“Green” Bishops and shamans to save the Amazon
The Vatican qualifies the jungle devastation as an “ecologic sin” and compromises to work close to indigenous communities on preserving Amazon regions from…
“The more diverse, more divine”. This was one of the most repeated mottos at the Synod for the Amazon, that joined the most progressist bishops in Catholic Church, indigenous leaders and scientists together in the Vatican for the last three weeks in order to create a document not only to report but to search urgent actions to take against deforestation.
A meeting with countless obstacles, especially from the conservative branch of the church, who are against a collateral debate hotspots: married men to be ordained in regions where there are not enough priests.
Further from the celibate question, this is the first time that the Vatican has made the environmental crisis a central problem and listened to the indigenous tribes who Pope Francis recognizes as the main experts on the human connection with nature.
And they did it with total respect for their religious cults in what it seems to be historical restitution of the harmful effects of the colonization and evangelization period on Amazonian people.
“We cannot deny the Catholic church’s role in the destruction of the ancestral Latin American cultures, but nowadays the more progressist part of them are raising their voices and prioritizing the indigenous population’s life, and most of these priests are risking their lives to preserve the Amazon,” says Teresa Martínez, speaker from Survival International.
This commitment is not new, it began when Pope Francis visited Puerto Maldonado (Peru) in January 2018 and listened to native leaders’ claims and started to redefine the verb “to evangelize” as a search of common paths between ancestral spirituality and Catholicism.
“Every tribal leader said that they didn’t need to be taught on what to believe, or the meaning of goodness, they have their own spiritual representatives,” states Martínez.
At their turn, bishops assured that destroying nature and damage human rights is far from being a “God matter;" instead, an “ecological sin” whose solution won’t come from Heaven.
The scientist Carlos Nobre, one of the most well-known experts on Amazon regions, advised at the Synod that “we are approaching a model of total destruction of Amazon and their people”, and encouraged to seek a new model “between the traditional knowledge from the original communities and science and technology in order to keep the biodiversity.”

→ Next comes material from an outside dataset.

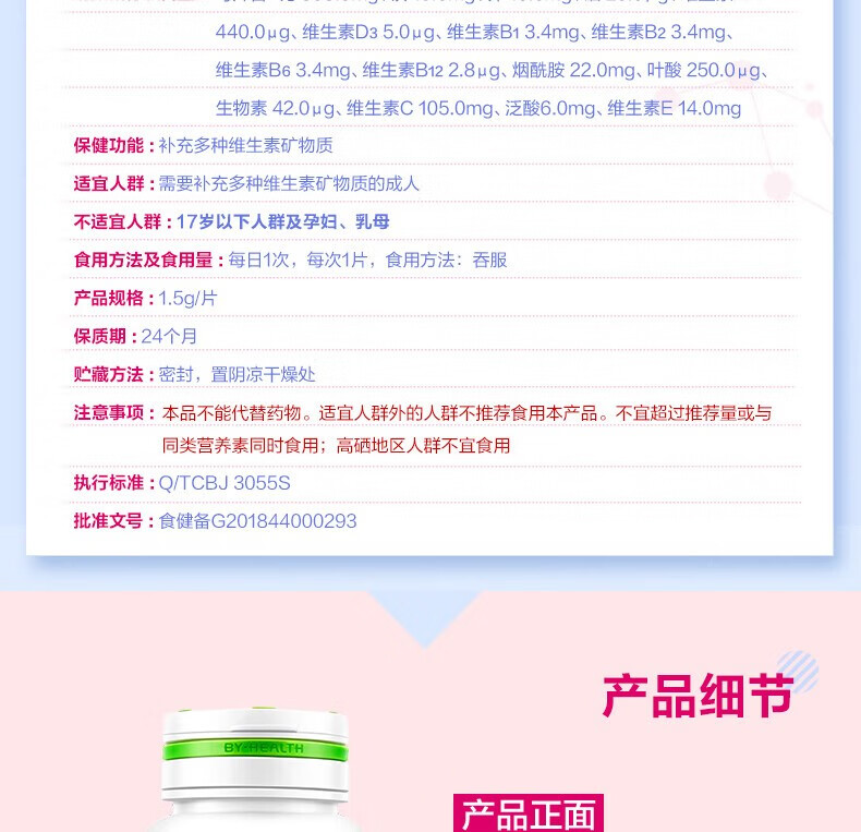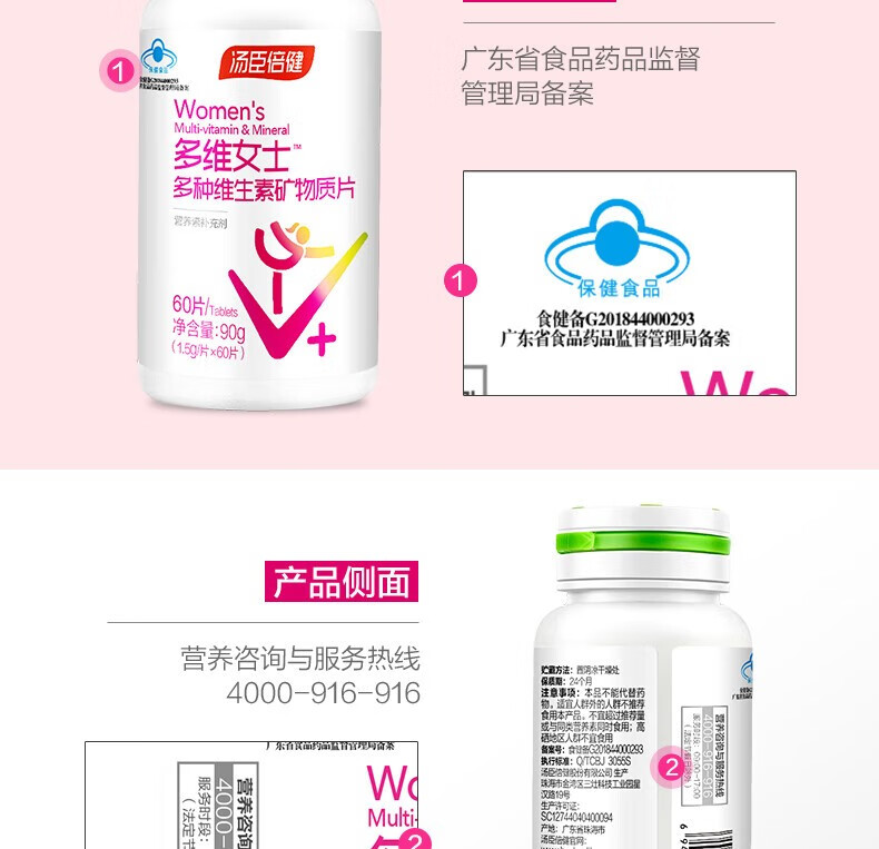 汤臣倍健多维女士多种维生素矿物质片复合维生素女士含维生素C维E维b叶酸 女士多维共120片

If not, we will go past “the point of no return," meaning the deforestation of 40% of the Amazon rainforest and temperatures increased over 3 grades in the near future.
In sum, a “suicide” of huge dimensions to what we should add racism, genocide, violence, and the forced development suffered by more than 150 million indigenous people who live in tribal societies around the globe.
RELATED CONTENT
Worse than the most destructive cyclones, from the ultra-right Jair Bolsonaro arrived in Brasil government the rainforest deforestation and the genocide crimes have increased in the Planet’s lungs.

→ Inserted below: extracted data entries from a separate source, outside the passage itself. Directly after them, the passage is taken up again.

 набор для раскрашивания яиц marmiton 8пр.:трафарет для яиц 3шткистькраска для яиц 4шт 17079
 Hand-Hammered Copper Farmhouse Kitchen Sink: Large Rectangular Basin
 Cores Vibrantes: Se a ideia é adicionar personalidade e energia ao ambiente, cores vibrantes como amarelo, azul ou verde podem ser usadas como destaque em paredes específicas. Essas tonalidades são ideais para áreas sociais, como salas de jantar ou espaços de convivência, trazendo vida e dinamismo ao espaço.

Bolsonaro, who refused the deforestation at the UN assembly while his country faced one of the worse forest fires in decades, accused the rest of foreigner countries on not being interested in the native people, “nor the damn trees either, but the minerals.”
He also criticized the Catholic Church.
In early October, Brazilian bishops reported being “criminalized” and treated as “enemies of the country” by Jair Bolsonaro.
According to a recent Datafolha poll, in the last 25 years, the number of Catholic people has drastically fallen in Brasil and for the first time in history, there are more Evangelists than Catholics in northern Amazonia.
This was, in fact, an important question to be debated at the Synod, where the Vatican also manifested its preoccupation with the growth of the Pentecostal church, Jair Bolsonaro's government grassroots base.
Will it be the beginning of a new war for the religious and economic power in the Amazon?